_Task instructions_.
Excerpt from the entries below: please repeat exactly the lines from the one containing "ギンガムチェックのリボンとゴールドスターの飾り、スノーパウダーがかわいいリースです。 店舗の飾りにもおすすめです。 |" through the last one, both ends included, with no pictures.
>>
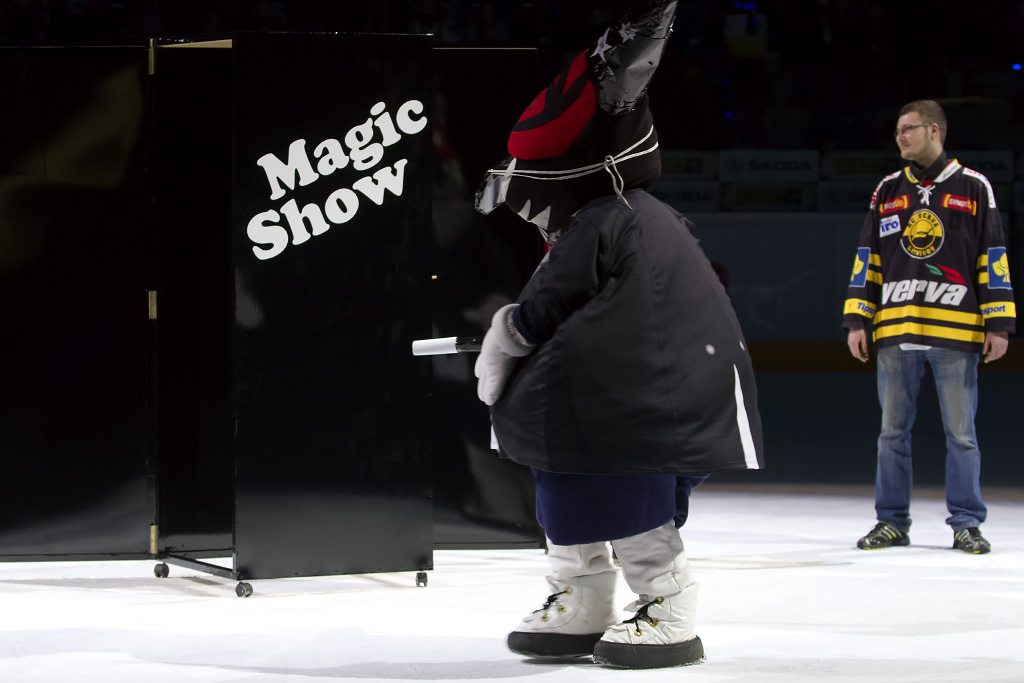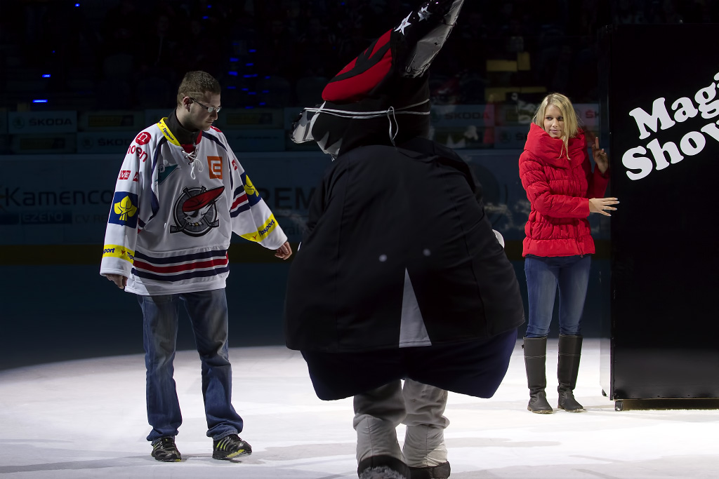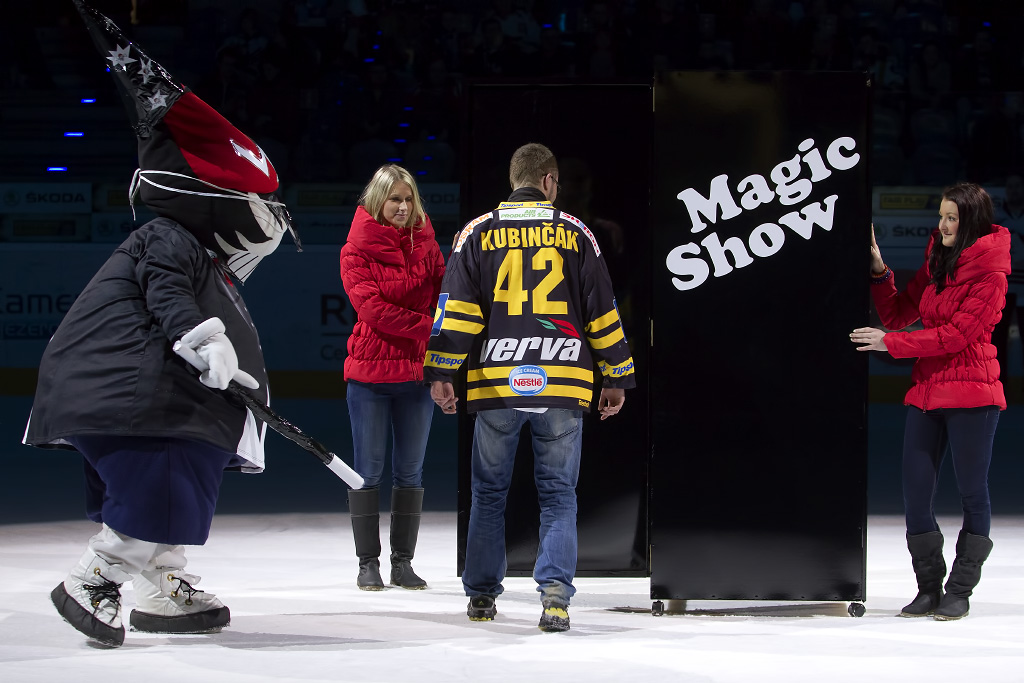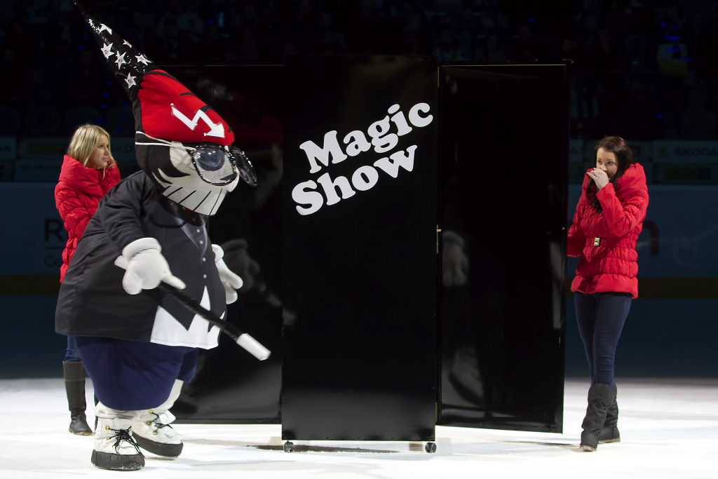 Sličně hostesky dovezli Picaroonovi na středový kruh kouzelnou skříň
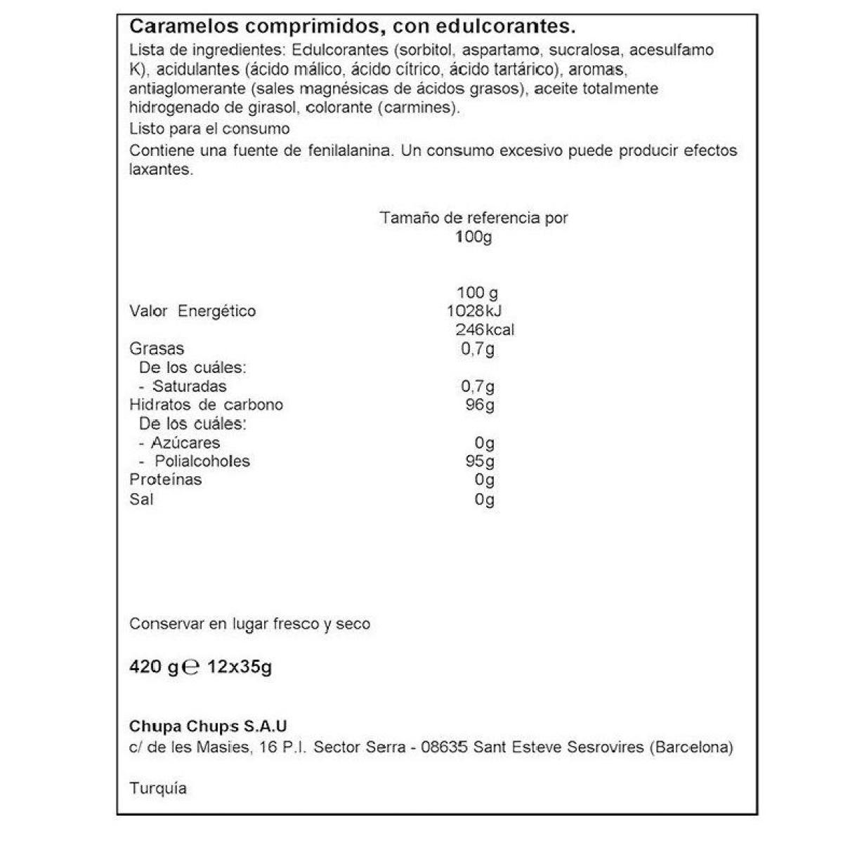 Edulcorantes (sorbitol, aspartamo, sucralosa, acesulfamo K), acidulantes (ácido málico, ácido cítrico, ácido tartárico), aromas, antiaglomerante (sales magnésicas de ácidos grasos), aceite totalmente hidrogenado de girasol, colorante (carmines).
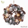 ギンガムチェックのリボンとゴールドスターの飾り、スノーパウダーがかわいいリースです。 店舗の飾りにもおすすめです。 |
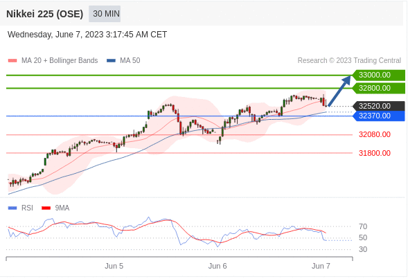 交易策略: 在 32370.00 之上,看涨,目标价位为 32800.00 ,然后为 33000.00 。
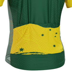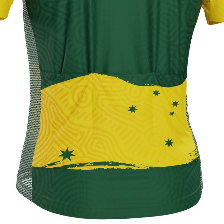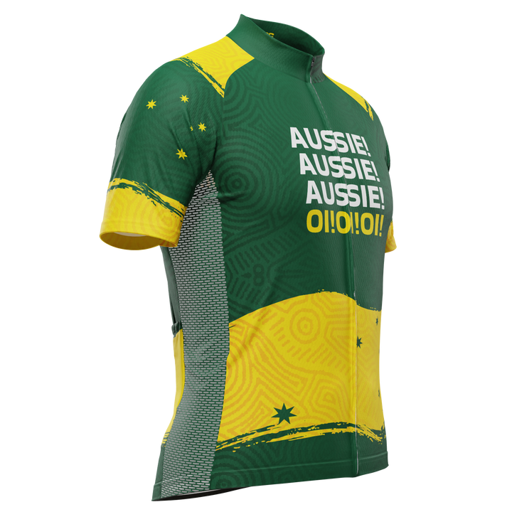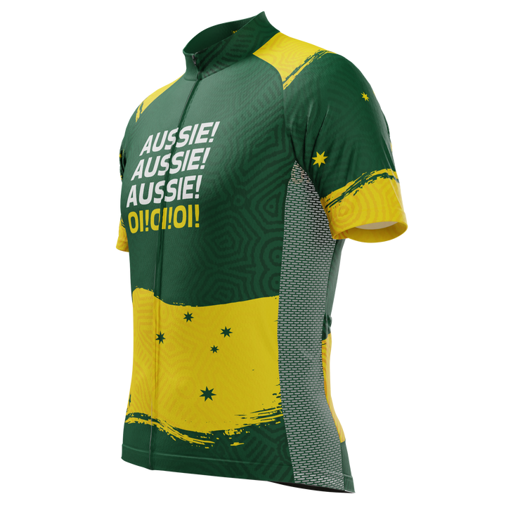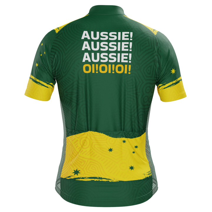 The Men's Aussie Aussie Aussie Short Sleeve Cycling Jersey features a moisture-wicking LEMBO 140 GSM polyester, cooling 110GSM mesh side panels, and reinforced stitched back pockets.
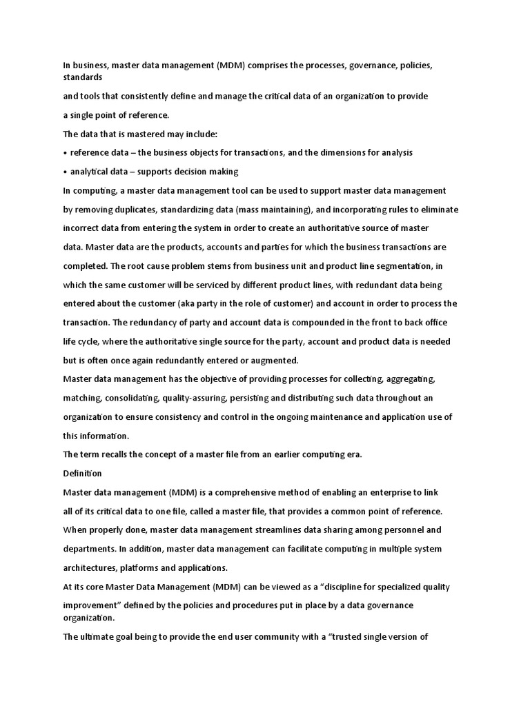 In business, master data management (MDM) comprises the processes, governance, policies,
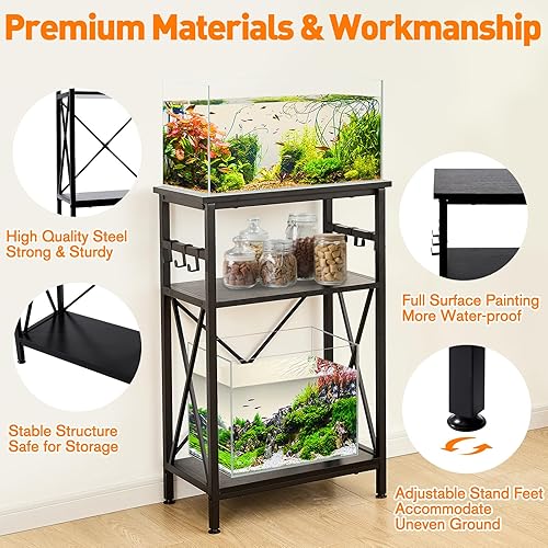 【High Quality Steel & Anti-tilt Device, Sturdy & Safe】The aquarium stand is made of strong steel. All the surface is covered with paint, more water-proof and prevents moisture. You can use the aquarium stand for a long time. To ensure a safe usage experience, an L-shaped corner code is included to prevent tipping, more stable and safer. On the bottom, adjustable table feet can accommodate uneven ground, enhancing stability.
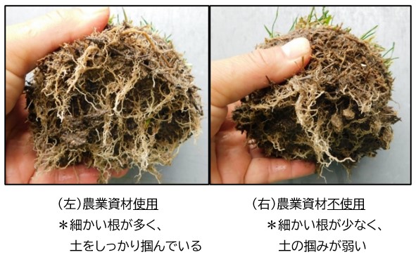 芝の根張りが良くなり、耐暑性、擦切れ抵抗性に効果があると感じています。今後はこの成果を定量化、可視化も進めて、より良いグラウンド管理を行っていきたいと考えています。
<<
_Task response_.
 ギンガムチェックのリボンとゴールドスターの飾り、スノーパウダーがかわいいリースです。 店舗の飾りにもおすすめです。 |
 交易策略: 在 32370.00 之上,看涨,目标价位为 32800.00 ,然后为 33000.00 。
 The Men's Aussie Aussie Aussie Short Sleeve Cycling Jersey features a moisture-wicking LEMBO 140 GSM polyester, cooling 110GSM mesh side panels, and reinforced stitched back pockets.
 In business, master data management (MDM) comprises the processes, governance, policies,
 【High Quality Steel & Anti-tilt Device, Sturdy & Safe】The aquarium stand is made of strong steel. All the surface is covered with paint, more water-proof and prevents moisture. You can use the aquarium stand for a long time. To ensure a safe usage experience, an L-shaped corner code is included to prevent tipping, more stable and safer. On the bottom, adjustable table feet can accommodate uneven ground, enhancing stability.
 芝の根張りが良くなり、耐暑性、擦切れ抵抗性に効果があると感じています。今後はこの成果を定量化、可視化も進めて、より良いグラウンド管理を行っていきたいと考えています。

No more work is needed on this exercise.